= Beginning of Section =

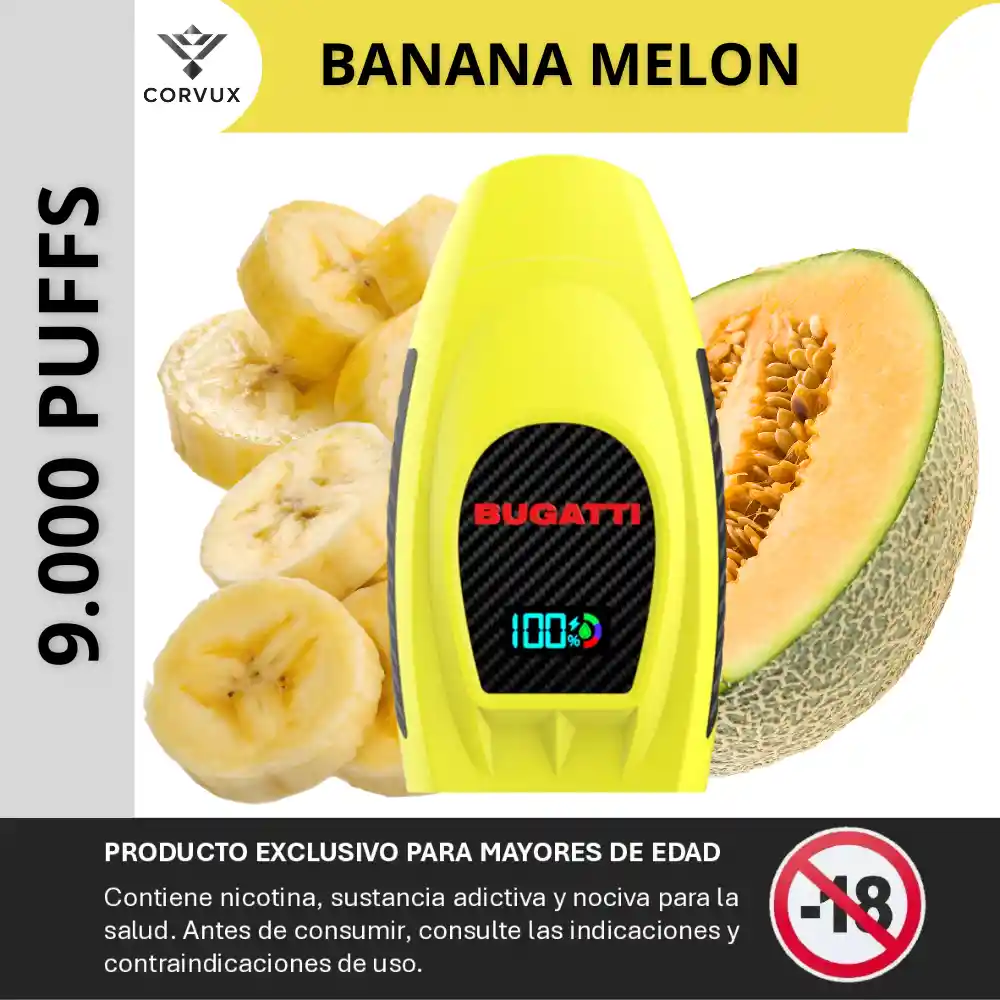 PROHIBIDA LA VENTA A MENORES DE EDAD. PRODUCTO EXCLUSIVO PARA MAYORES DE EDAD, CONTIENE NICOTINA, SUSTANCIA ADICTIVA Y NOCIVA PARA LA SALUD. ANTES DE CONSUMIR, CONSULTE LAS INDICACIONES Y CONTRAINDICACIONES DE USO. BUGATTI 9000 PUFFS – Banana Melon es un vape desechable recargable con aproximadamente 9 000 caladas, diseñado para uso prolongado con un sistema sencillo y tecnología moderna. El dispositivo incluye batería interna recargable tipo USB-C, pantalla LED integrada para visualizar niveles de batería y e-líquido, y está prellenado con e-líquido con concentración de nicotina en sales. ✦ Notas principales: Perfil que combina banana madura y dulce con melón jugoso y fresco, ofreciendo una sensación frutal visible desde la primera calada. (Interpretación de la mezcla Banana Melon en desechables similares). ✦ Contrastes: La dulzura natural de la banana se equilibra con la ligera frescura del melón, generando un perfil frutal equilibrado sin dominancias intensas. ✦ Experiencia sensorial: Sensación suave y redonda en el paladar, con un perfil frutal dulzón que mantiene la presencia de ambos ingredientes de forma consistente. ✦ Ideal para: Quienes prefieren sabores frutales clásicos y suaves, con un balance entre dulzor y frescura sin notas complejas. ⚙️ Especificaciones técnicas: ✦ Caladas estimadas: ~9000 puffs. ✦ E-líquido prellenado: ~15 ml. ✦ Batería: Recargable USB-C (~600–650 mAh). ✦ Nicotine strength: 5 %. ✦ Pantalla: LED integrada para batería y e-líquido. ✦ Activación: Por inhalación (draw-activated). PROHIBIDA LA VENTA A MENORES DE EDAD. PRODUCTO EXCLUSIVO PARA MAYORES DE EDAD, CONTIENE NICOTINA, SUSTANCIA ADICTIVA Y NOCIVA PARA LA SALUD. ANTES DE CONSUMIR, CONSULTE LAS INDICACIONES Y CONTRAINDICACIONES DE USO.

= End of Section =
= Beginning of Section =

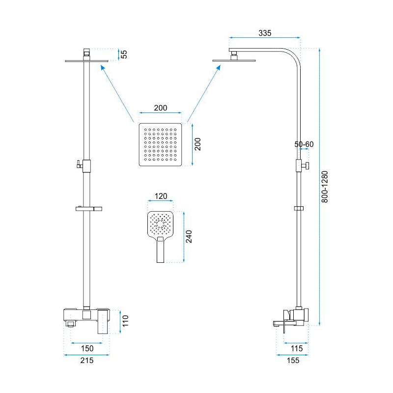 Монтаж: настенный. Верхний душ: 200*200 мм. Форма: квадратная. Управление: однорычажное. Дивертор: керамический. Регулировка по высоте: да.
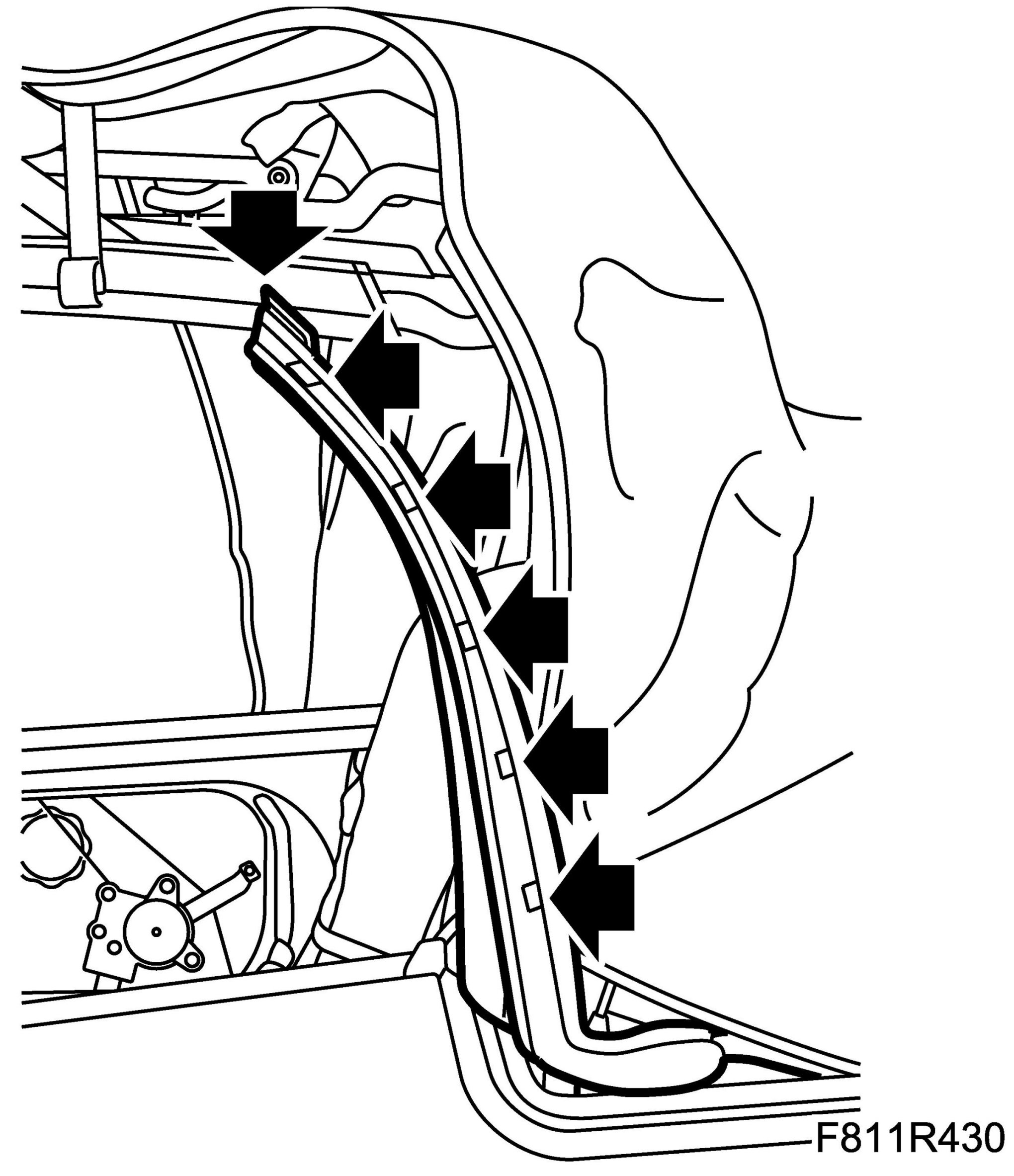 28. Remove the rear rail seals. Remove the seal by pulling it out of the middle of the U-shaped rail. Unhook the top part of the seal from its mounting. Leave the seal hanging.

= End of Section =

_PROBLEM DETAILS_
Start at the line above containing "Монтаж: настенный. Верхний" and stop at the line containing "28. Remove the": print those lines and everything between them exactly, but not the pictures.

_TASK RESPONSE_
 Монтаж: настенный. Верхний душ: 200*200 мм. Форма: квадратная. Управление: однорычажное. Дивертор: керамический. Регулировка по высоте: да.
 28. Remove the rear rail seals. Remove the seal by pulling it out of the middle of the U-shaped rail. Unhook the top part of the seal from its mounting. Leave the seal hanging.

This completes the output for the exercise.